╭──

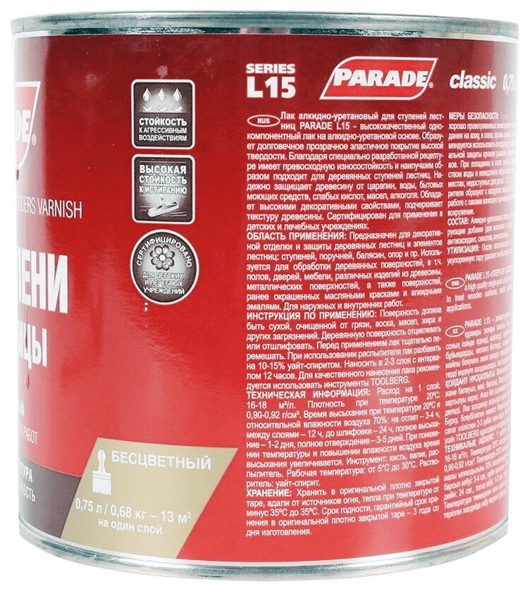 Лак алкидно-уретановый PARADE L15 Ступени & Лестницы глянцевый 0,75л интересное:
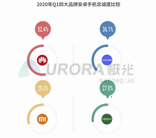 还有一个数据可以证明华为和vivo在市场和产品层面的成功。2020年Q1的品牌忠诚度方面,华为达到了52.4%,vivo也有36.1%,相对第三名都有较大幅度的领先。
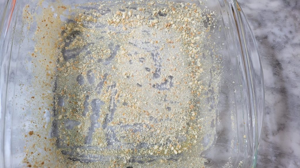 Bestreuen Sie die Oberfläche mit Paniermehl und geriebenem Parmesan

╰──

All of the data is to be transcribed exactly, with images omitted.

TASK OUTPUT:
 Лак алкидно-уретановый PARADE L15 Ступени & Лестницы глянцевый 0,75л интересное:
 还有一个数据可以证明华为和vivo在市场和产品层面的成功。2020年Q1的品牌忠诚度方面,华为达到了52.4%,vivo也有36.1%,相对第三名都有较大幅度的领先。
 Bestreuen Sie die Oberfläche mit Paniermehl und geriebenem Parmesan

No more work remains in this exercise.